Dachau Concentration Camp Liberated
Exactly 68 years later, the sheer horror of it remains as incomprehensible as ever. On April 29, 1945, U.S. troops liberated the Dachau concentration camp in southern Germany, where the Nazis murdered tens of thousands of prisoners. What the American troops found when they entered the camp shocked them and revolts us still, disturbing stories and images that can never be forgotten.
Dachau was the Nazi’s first concentration camp, opened in March 1933, and it served as a model for all other such camps. During the 12 years the Nazis operated Dachau, it is estimated that over 200,000 prisoners were interred there and over 30,000 people killed, but the exact numbers will never be known. The camp was used for political prisoners as well as Jews and prisoners of war.
This copyrighted report of the liberation of Dachau was published by the Oregonian (Portland, Oregon) on May 1, 1945:
Yanks Storm Dread Prison
Dachau, Germany, April 30 (AP)—Dachau prison, Germany’s most dreaded extermination camp, has been captured and its surviving 32,000 tortured inmates freed by outraged American doughboys who killed or captured its brutal garrison in a furious battle.
Dashing to the camp atop tanks, bulldozers, self-propelled guns—anything with wheels—the fighting Yanks of the 42d and 45th divisions hit the notorious prison northwest of Munich Sunday.
Dozens of Nazi guards fell under withering blasts of rifle and carbine fire as the soldiers, catching glimpses of the horrors within the camp, raged through its barracks for a quick cleanup.
The troops were joined by trusty prisoners working outside the barbed wire enclosures. Frenchmen and Russians, grabbing up weapons dropped by the slain SS guards, acted swiftly on their own to exact full revenge from their tormentors.
Important Captives Moved
Sorting of the liberated prisoners was still underway today, but the Americans learned from camp officials that some of the more important captives had been transferred recently to a new hideout, probably in the Tyrol. These were said to have included Marshal Stalin’s son, Jacob, who was captured in 1941; former Austrian Chancellor Kurt Schuschnigg and his wife; Prince Frederick Leopold of Prussia; Prince Xavier Bourbon de Parme and Pastor Martin Niemoller, the German Lutheran who was arrested when he defied Nazi attempts to control his preaching.

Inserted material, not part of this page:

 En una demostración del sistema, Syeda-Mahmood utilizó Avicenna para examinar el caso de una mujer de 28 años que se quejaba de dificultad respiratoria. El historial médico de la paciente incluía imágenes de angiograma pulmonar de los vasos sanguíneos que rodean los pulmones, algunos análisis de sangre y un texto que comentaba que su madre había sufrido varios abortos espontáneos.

(Prisoners at another camp liberated by the Americans recently reported Schuschnigg had been executed by his guards earlier this month.)
One of the prisoners remaining here told officers he was the son of Leon Blum, former French premier.
23,000 Prisoners Die
Prisoners with access to records said 9,000 captives had died of hunger and disease or were shot in the past three months and 14,000 more perished during the cold winter. Typhus was prevalent in the camp and the city’s water supply was reported contaminated by drainage from 6,000 graves near the prison.

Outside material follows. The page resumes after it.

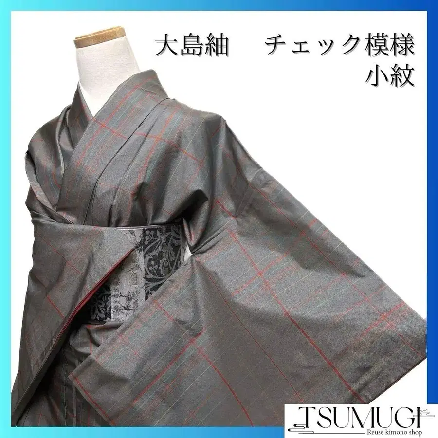 오시마 명주 체크 무늬와 격자가 짜인 코몬입니다.

When I reached the camp shortly after the battle I saw a train of 39 coal cars on a siding. The cars were loaded with hundreds of bodies and from them was removed at least one pitiful human wreck that still clung to life. These victims were mostly Poles and most of them had starved to death as the train stood there idle for several days. Lying alongside a busy road nearby were the murdered bodies of those who had tried to escape.

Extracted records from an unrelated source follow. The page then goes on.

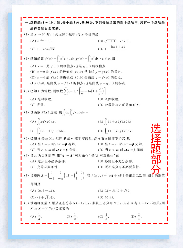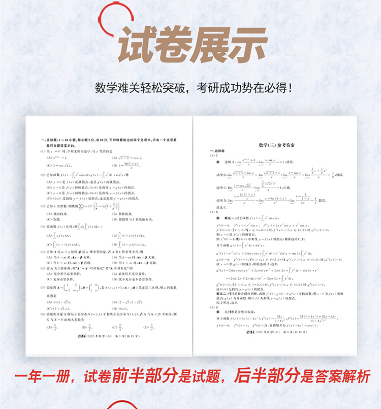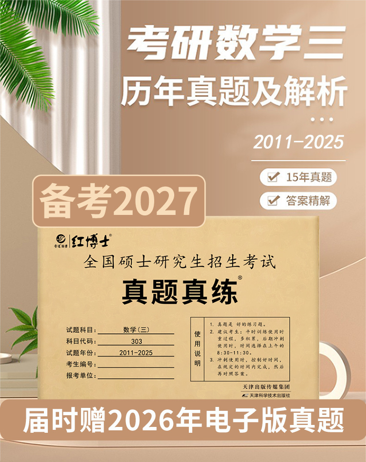 2027考研数学三历年真题试卷2011-2025十五年张天德303答案解析 活页试卷 红博士品牌直营
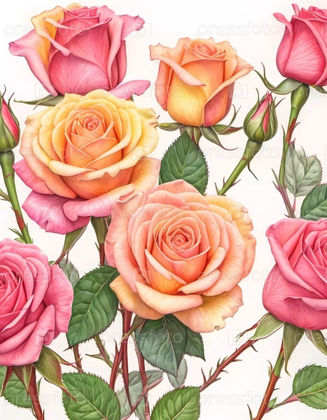 Яркая романтическая живопись отличается пышным расположением красиво цветущих роз в различных оттенках, захватывая сущность любви и природы в красочной обстановке сада при дневном свете. Генерирующий ИИ
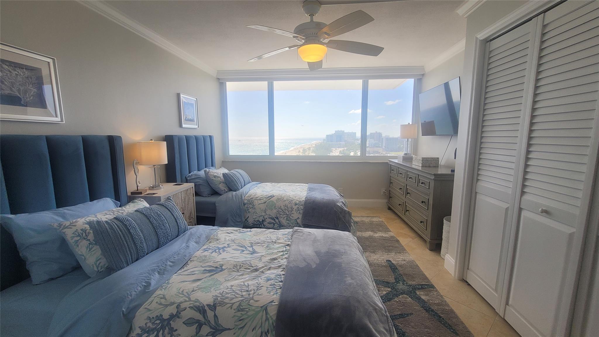 A rare find in one of the most desirable locations on Ft Lauderdale Beach. This fully equipped furnished 2/2 condo sleeps 4 and has panoramic views of the beach, Intracoastal, marina & downtown city lights. The unit has a large master bedroom with a king-size bed, desk & ensuite bath. The guest bedroom features 2 twin beds. A large open floor plan with family room, kitchen & dining area make this a great space to entertain. Flat screen smart TVs in every room as well as free wi-fi access and all utilities are included. There is a private balcony, in-unit washer/dryer and one garaged parking space. A heated community pool is available for use as well as a large community room. 2 month minimum stay required. Rates subject to term dates and availability.

Bavarian peasants—who traveled this road daily—ignored both the bodies and the horrors inside the camp to turn the American seizure of their city into an orgy of looting. Even German children rode by the bodies without a glance, pedaling away their stolen clothing on bicycles.
Camp Executives Flee
In the wake of the storming G.I.s, bodies of the trimly-clad Nazi guards lay scattered like tenpins, bowled over as they sought to flee. The highest officers surrendered, waving a white flag, but a Red Cross representative said the real executives of the camp had escaped the night before.
The camp held 32,000 emaciated, unshaven men and 350 women, jammed in wooden barracks. Prisoners said 7,000 others had been marched away on foot the last few days. The survivors went wild with joy as the doughboys broke their pens, smothering their liberators with embraces.
Bodies were found in many places. Here also were the gas chambers—camouflaged as “showers,” into which prisoners were herded under the pretext of bathing—and the cremation ovens. Huge stacks of clothing bore mute testimony to the fate of their owners.